Task prompt :: Only some lines are wanted. Transcribe, exactly, the lines below from the line with "- User-Friendly Design: The" up to and including the line with "古油松原本整体外观完好,长势".

Source material ::
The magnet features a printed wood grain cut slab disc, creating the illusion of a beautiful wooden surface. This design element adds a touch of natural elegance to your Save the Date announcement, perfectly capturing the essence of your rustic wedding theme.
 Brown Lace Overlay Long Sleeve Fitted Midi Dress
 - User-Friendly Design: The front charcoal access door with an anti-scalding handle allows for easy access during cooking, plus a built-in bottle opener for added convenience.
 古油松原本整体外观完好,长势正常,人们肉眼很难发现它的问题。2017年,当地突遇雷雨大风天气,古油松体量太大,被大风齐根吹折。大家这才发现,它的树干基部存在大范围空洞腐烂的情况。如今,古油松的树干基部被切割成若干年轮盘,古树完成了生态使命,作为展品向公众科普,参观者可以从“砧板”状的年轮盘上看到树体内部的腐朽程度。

...

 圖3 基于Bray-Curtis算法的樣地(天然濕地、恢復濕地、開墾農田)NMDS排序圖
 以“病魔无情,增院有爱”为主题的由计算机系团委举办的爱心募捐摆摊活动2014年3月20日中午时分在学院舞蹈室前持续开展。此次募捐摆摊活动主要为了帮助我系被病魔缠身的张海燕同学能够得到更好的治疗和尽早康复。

* * *

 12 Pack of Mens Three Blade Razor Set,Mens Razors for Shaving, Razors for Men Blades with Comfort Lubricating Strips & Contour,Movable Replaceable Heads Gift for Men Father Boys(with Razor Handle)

Reply ::
 - User-Friendly Design: The front charcoal access door with an anti-scalding handle allows for easy access during cooking, plus a built-in bottle opener for added convenience.
 古油松原本整体外观完好,长势正常,人们肉眼很难发现它的问题。2017年,当地突遇雷雨大风天气,古油松体量太大,被大风齐根吹折。大家这才发现,它的树干基部存在大范围空洞腐烂的情况。如今,古油松的树干基部被切割成若干年轮盘,古树完成了生态使命,作为展品向公众科普,参观者可以从“砧板”状的年轮盘上看到树体内部的腐朽程度。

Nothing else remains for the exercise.